Tuesday, January 21, 2014

Captain Christmas Resigns her Cape.

My cape is made up powerful skills gleaned from a traumatic childhood. So, technically, it needed to be given up a LONG time ago.

You know the cape. The one that comes from figuring when, how many times and how high to jump and then if you should do it with swagger or aplomb. Subtle difference, but rest assured, in the hand of the unstable, it is noticed and often punished should you choose incorrectly. And in adulthood, mostly punished by myself, because I have taken on the all too UNREAL expectations of my loved ones instead of laying them at the foot of the cross where all expectations belong.

I thought I had learned most of this, oh, I don't know, in 2007. See blog: The Dropping of the Basket.
(http://crumpledbelle.loveliftstheload.com/2008/03/dropping-of-basket.html).

How many times do I "give up" control when I never had it in the first place-duh?
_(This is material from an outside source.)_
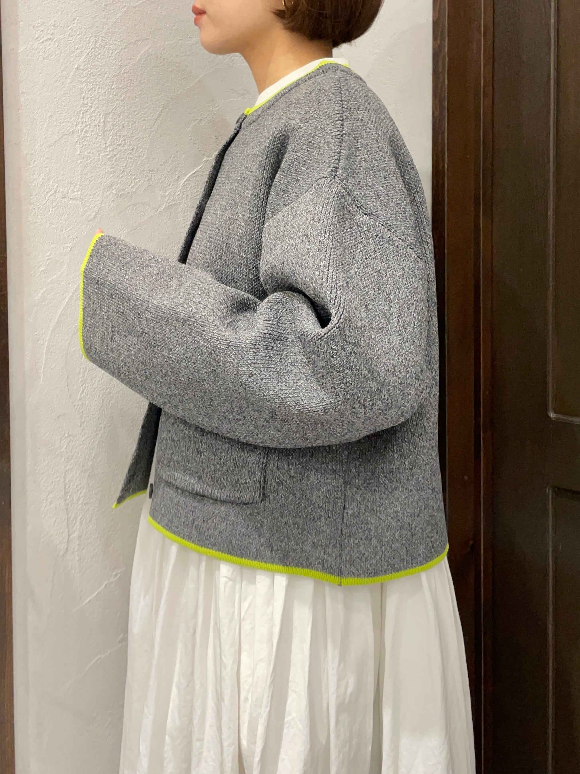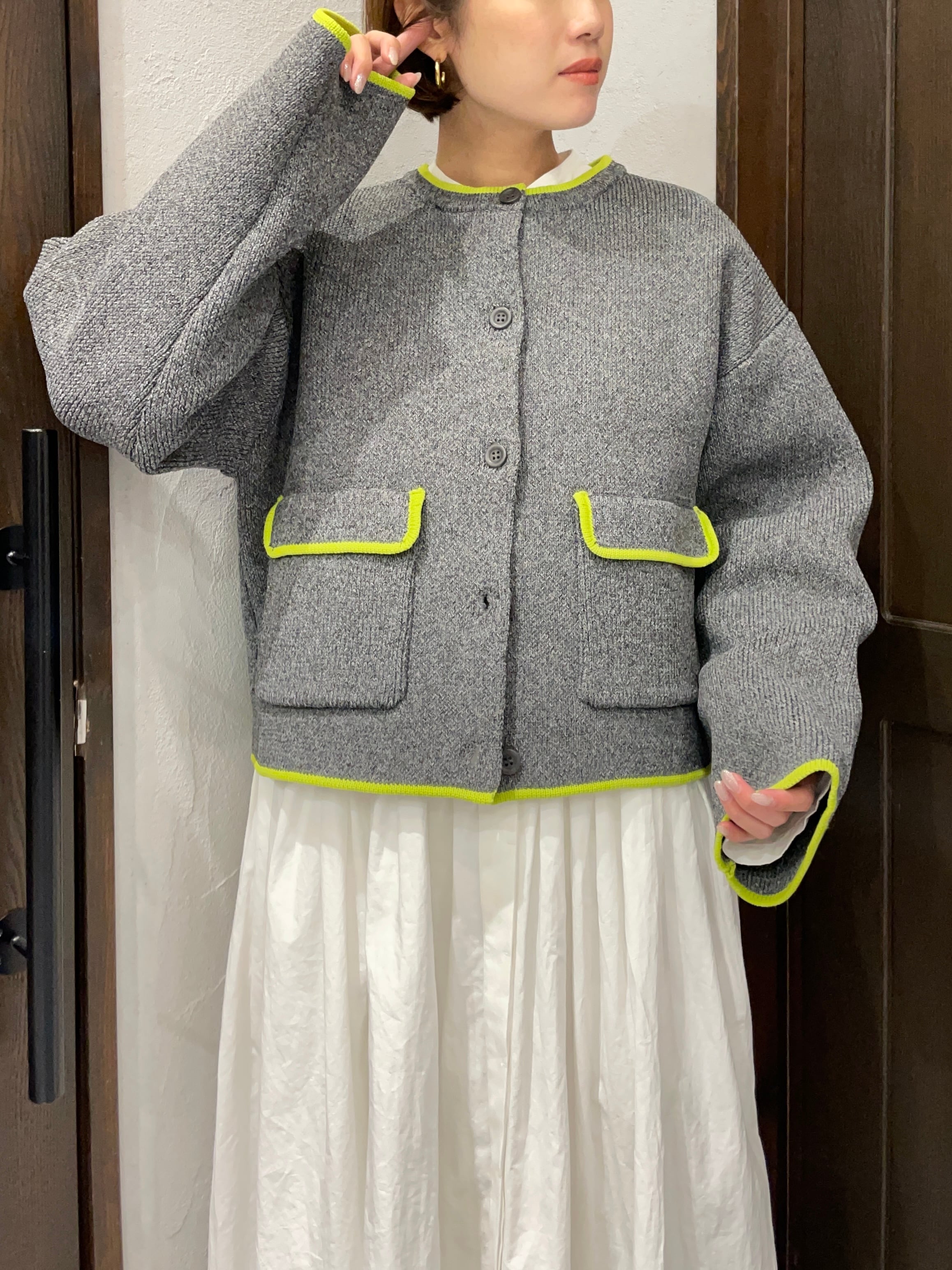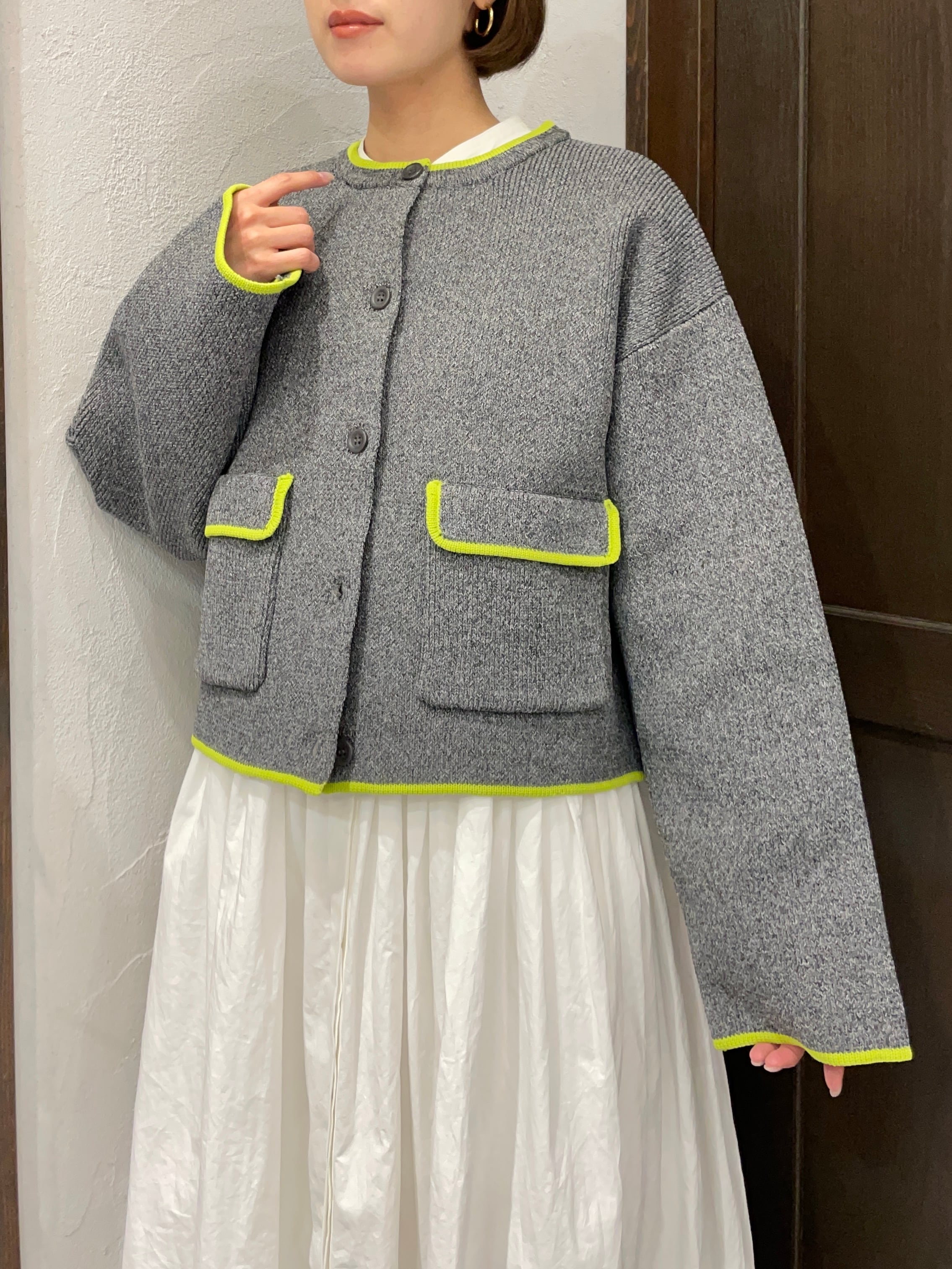 襟ぐり・袖口・ポケット部分に施した配色デザインが、シンプルな中に程よい存在感をプラス。羽織るだけでコーディネートのアクセントになります。

And, how much time have I wasted trying to meet the expectations that no one will even admit they have, so I can protect someone from disappointment they weren't even willing to try to avoid?

And how many times more?

I'd like to say the cape has been destroyed, but it's a haunting, wasteful thing calling my name too often. But there is too much joy here for me to be weighed down with a man-made cape. Too much freedom offered by the real Rescuer, who knows the how and the when and the why.

I vow not to put it on again, until it's mended right.